A customer walks toward the front entrance of an Office Depot retail store in New Albany, Indiana, U.S., on Friday, July 31, 2015.
Photograph by Luke Sharrett — Bloomberg via Getty Images
By Claire Groden
September 10, 2015

A Chicago-area woman is accusing Office Depot of religious discrimination for refusing to make copies of her anti-Planned Parenthood fliers.

Maria Goldstein says the Office Depot employees at her local store declined to reproduce the fliers, which include a “Prayer for the Conversion of Planned Parenthood,” on the grounds of corporate policy. The company says that they welcomed Goldstein to use a self-service machine instead.

Office Depot’s corporate spokesperson Karen Denning elaborated to the Chicago Tribune, saying that corporate policy prohibits “the copying of any type of material that advocates any form of racial or religious discrimination or the persecution of certain groups of people.” The flier, she said, advocated the persecution of those who support abortion rights.
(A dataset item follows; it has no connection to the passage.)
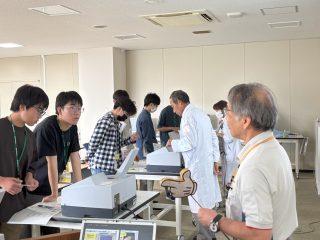 20日(月)は土曜の振り替えで休日。この休日を利用して、希望者による三島高校サイエンスツアーが実施されました。今回は「知的探求の旅に出よう! 島津製作所 見学・体験ツアー 『ぶんせき体験スクール』」と銘打って、京都市にある島津製作所を訪問。8名の生徒が参加してくれました。島津製作所は、ノーベル化学賞を受賞した田中耕一さんが研究開発を行った会社です。そこで簡単な実験を行いながら、光と色に関する知識を学習し、分光光度計を使って飲料の色の違いを分析。午後は記念資料館を見学しました。三島高校ではこんな経験も出来ます!
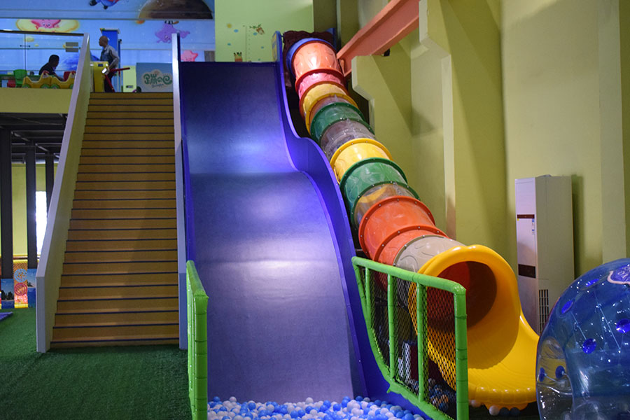 在通往魔鬼滑梯口的路程中,我們的設(shè)計(jì)師還為小盆友們準(zhǔn)備了彩虹天梯、鉆洞、蕩橋等一系列的小障礙,對于幫助小盆友克服膽小和怯懦有著重要幫助哦!

Goldstein says her documents, which she printed elsewhere and distributed at her church, were intended to convert those associated with Planned Parenthood, not persecute them. She has retained the legal services of the Thomas More Society, which describes as its mission “restoring respect in law for life, family, and religious liberty.”

Goldstein’s lawyer, Thomas Olp, told the Tribune that he sent a letter to Office Depot Thursday asking the company to reconsider the policy. He intends to file formal complaints against the company if it refuses.